Qualquer reforma eleitoral no Brasil só se materializará na medida em que o consenso for previamente acordado pelos partidos que constituem a maioria das duas Casas do Congresso, entre suas variáveis e suas respectivas modalidades.


Pretender misturar sistemas eleitorais, sistemas partidários e formas de contenção ou de proliferação partidária resultará sempre, como até agora, no impasse final que tem impedido qualquer mudança.


Da mesma forma, num país com as dimensões do Brasil, sua diversidade e seu pluralismo, não é possível misturar em "pacotes" medidas complementares dicotômicas, como se fosse possível conter em apenas duas alternativas modalidades divergentes.


Além de antidemocráticas, elas podem resultar em camisas de força.

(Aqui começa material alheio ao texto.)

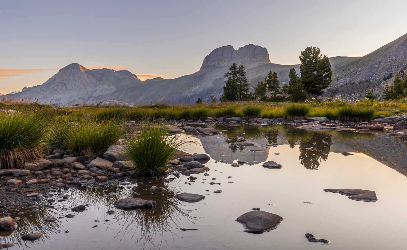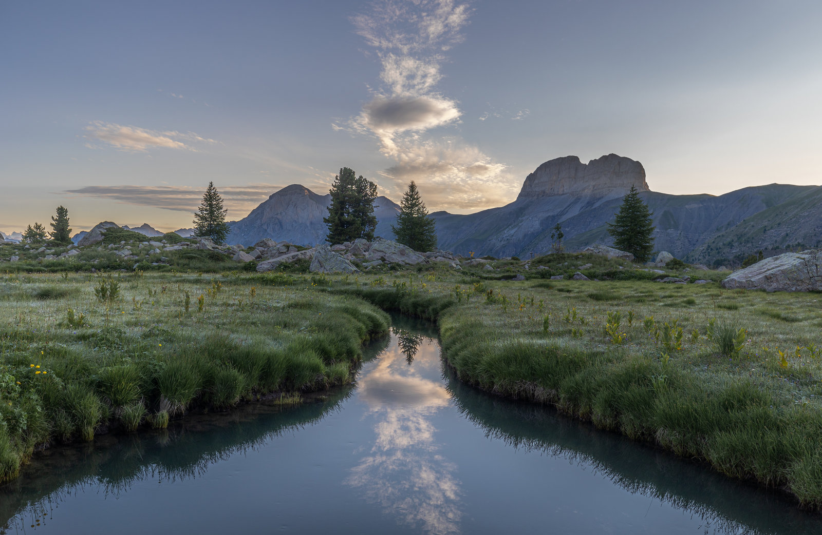 C’est donc dans le vallon de Laverq que nous terminons notre périple. L’objectif classique de la randonnée dans vallon consiste à rejoindre les Eaux Tortes, un plateau humide constitué de petits ruisseaux tortueux qui forment de jolis méandres. Un tableau très bucolique que je voulais admirer par moi-même depuis un petit moment. L’endroit est effectivement très beau et nous posons nos tentes près d’un grand rocher à la forme très singulière face aux Grande et Petite Séolane.

É o caso, por exemplo, de impor financiamento público ou financiamento privado para viabilizar as eleições no segundo maior eleitorado do mundo ocidental. A alternativa é que os partidos políticos possam, como nos Estados Unidos, escolher livremente o sistema que preferem: ou o público que exclui o privado, ou o privado que exclui o público.